(Data records)
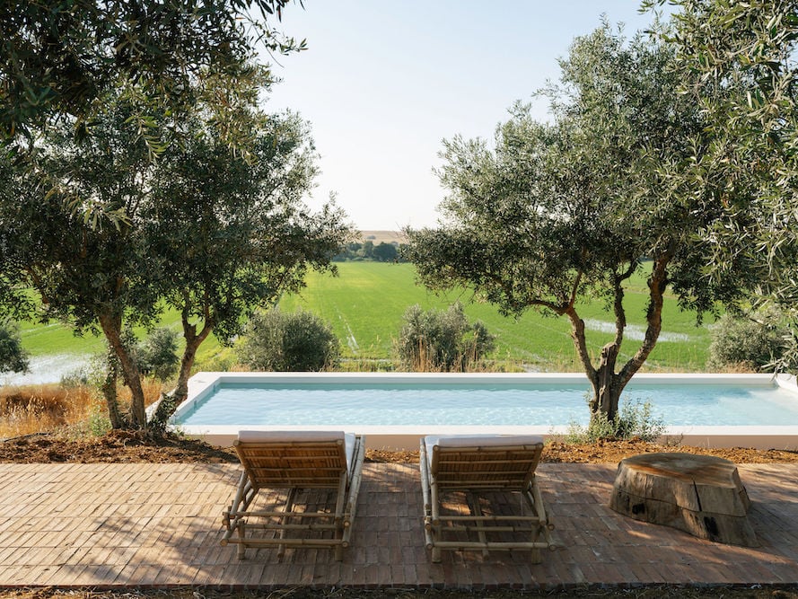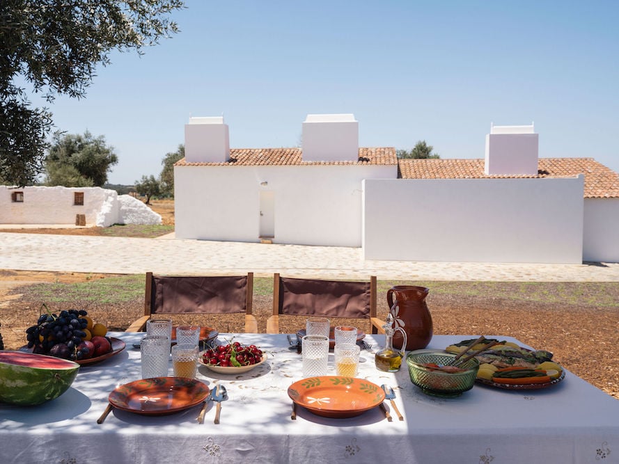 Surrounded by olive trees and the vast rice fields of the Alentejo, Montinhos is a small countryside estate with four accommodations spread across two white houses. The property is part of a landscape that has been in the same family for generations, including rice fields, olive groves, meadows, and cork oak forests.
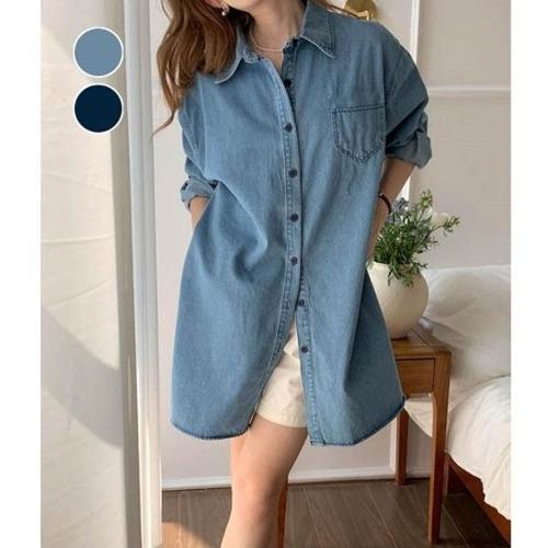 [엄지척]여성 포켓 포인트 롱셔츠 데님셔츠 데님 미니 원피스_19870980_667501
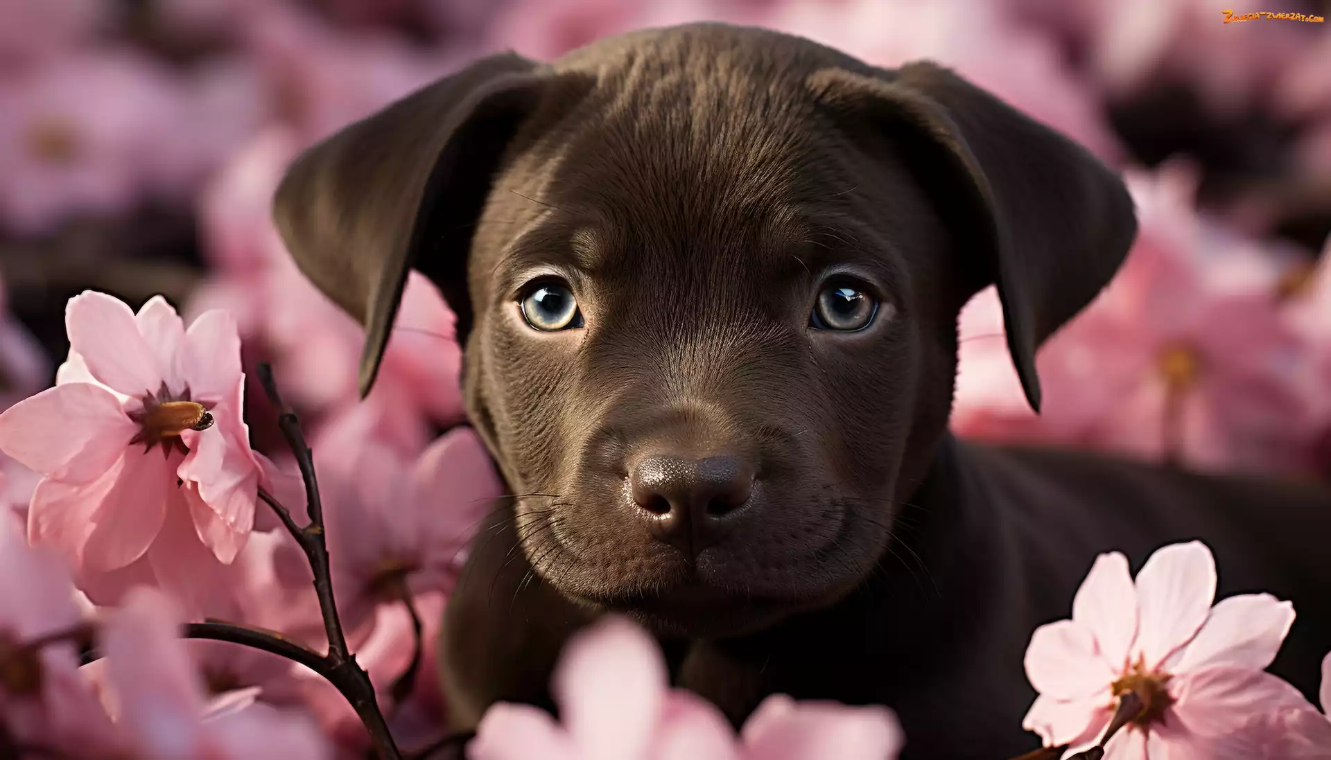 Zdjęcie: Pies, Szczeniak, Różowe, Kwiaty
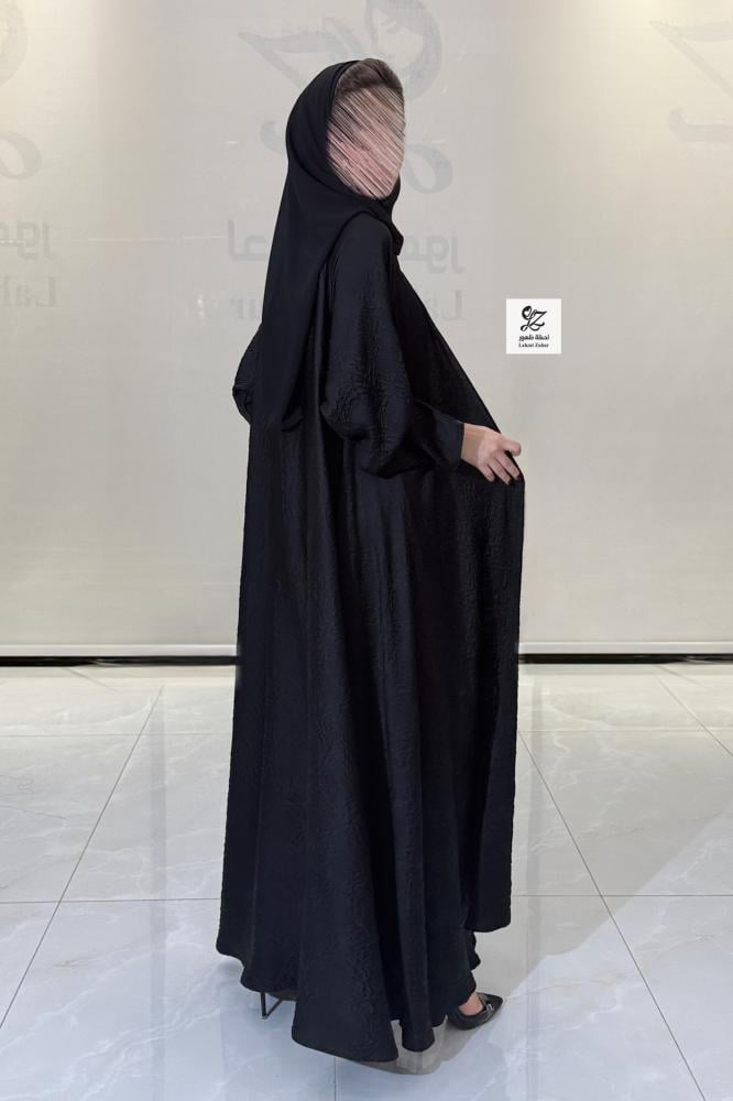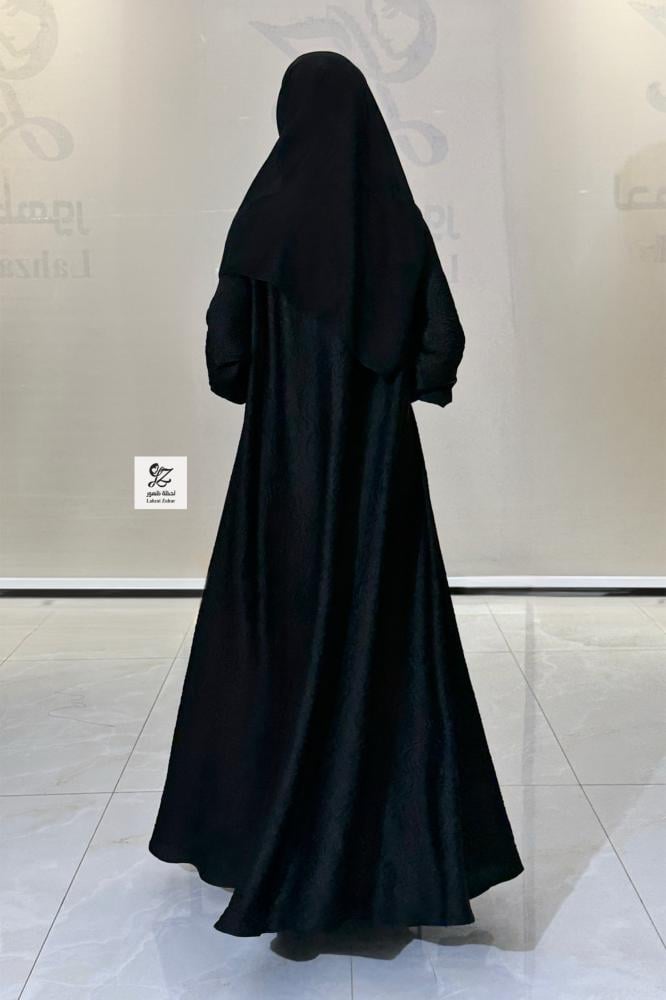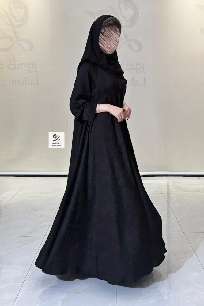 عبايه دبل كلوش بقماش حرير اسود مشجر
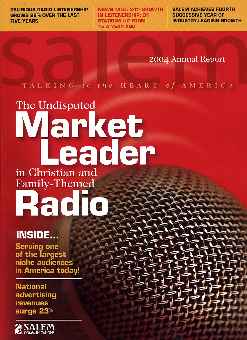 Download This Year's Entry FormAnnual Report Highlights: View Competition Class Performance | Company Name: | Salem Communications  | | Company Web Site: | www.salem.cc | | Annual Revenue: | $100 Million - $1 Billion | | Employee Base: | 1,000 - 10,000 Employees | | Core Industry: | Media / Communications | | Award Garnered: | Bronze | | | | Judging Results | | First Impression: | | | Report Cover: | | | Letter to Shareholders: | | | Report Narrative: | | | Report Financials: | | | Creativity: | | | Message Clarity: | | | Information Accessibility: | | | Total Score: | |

...

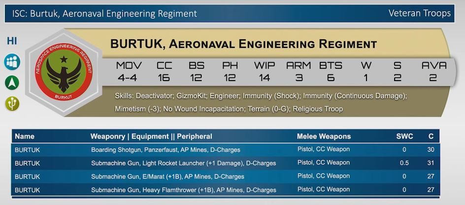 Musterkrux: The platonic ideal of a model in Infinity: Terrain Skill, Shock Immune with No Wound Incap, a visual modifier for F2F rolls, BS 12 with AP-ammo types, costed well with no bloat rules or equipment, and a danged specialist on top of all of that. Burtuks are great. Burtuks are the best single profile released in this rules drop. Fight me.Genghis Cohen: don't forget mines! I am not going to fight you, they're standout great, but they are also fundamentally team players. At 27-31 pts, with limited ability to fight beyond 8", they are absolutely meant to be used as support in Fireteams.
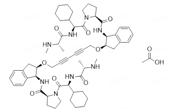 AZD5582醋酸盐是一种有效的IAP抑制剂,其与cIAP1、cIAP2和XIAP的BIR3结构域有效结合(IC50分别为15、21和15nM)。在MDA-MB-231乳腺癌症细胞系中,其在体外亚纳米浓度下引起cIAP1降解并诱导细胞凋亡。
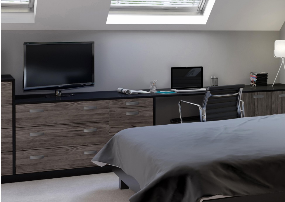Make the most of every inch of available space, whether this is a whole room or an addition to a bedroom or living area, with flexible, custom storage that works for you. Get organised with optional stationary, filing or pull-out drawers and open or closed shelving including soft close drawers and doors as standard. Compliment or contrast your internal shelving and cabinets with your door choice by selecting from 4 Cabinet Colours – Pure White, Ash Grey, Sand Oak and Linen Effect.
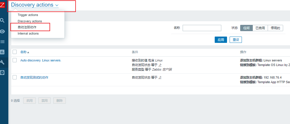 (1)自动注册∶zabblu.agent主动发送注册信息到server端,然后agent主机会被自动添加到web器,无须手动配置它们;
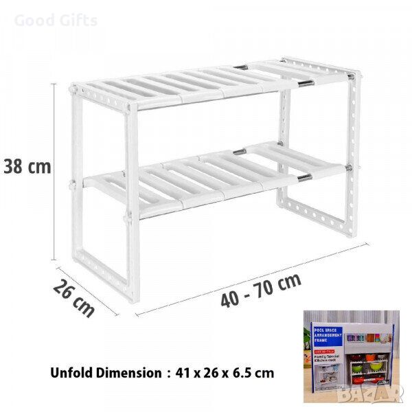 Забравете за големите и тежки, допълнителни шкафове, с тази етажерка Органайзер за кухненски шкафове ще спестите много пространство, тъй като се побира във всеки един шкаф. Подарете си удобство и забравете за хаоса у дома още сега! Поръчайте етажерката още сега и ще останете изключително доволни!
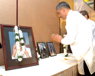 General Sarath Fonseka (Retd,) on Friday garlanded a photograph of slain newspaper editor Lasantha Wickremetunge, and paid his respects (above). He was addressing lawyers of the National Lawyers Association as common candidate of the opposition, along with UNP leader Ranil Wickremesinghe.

» WHAT IS REQUIRED: Beginning with the line above that has "Surrounded by olive" and going on through the line that has "Download This Year's", retype every line exactly and add nothing else; drop the pictures.

» ANSWER TO THIS EXERCISE:
 Surrounded by olive trees and the vast rice fields of the Alentejo, Montinhos is a small countryside estate with four accommodations spread across two white houses. The property is part of a landscape that has been in the same family for generations, including rice fields, olive groves, meadows, and cork oak forests.
 [엄지척]여성 포켓 포인트 롱셔츠 데님셔츠 데님 미니 원피스_19870980_667501
 Zdjęcie: Pies, Szczeniak, Różowe, Kwiaty
 عبايه دبل كلوش بقماش حرير اسود مشجر
 Download This Year's Entry FormAnnual Report Highlights: View Competition Class Performance | Company Name: | Salem Communications  | | Company Web Site: | www.salem.cc | | Annual Revenue: | $100 Million - $1 Billion | | Employee Base: | 1,000 - 10,000 Employees | | Core Industry: | Media / Communications | | Award Garnered: | Bronze | | | | Judging Results | | First Impression: | | | Report Cover: | | | Letter to Shareholders: | | | Report Narrative: | | | Report Financials: | | | Creativity: | | | Message Clarity: | | | Information Accessibility: | | | Total Score: | |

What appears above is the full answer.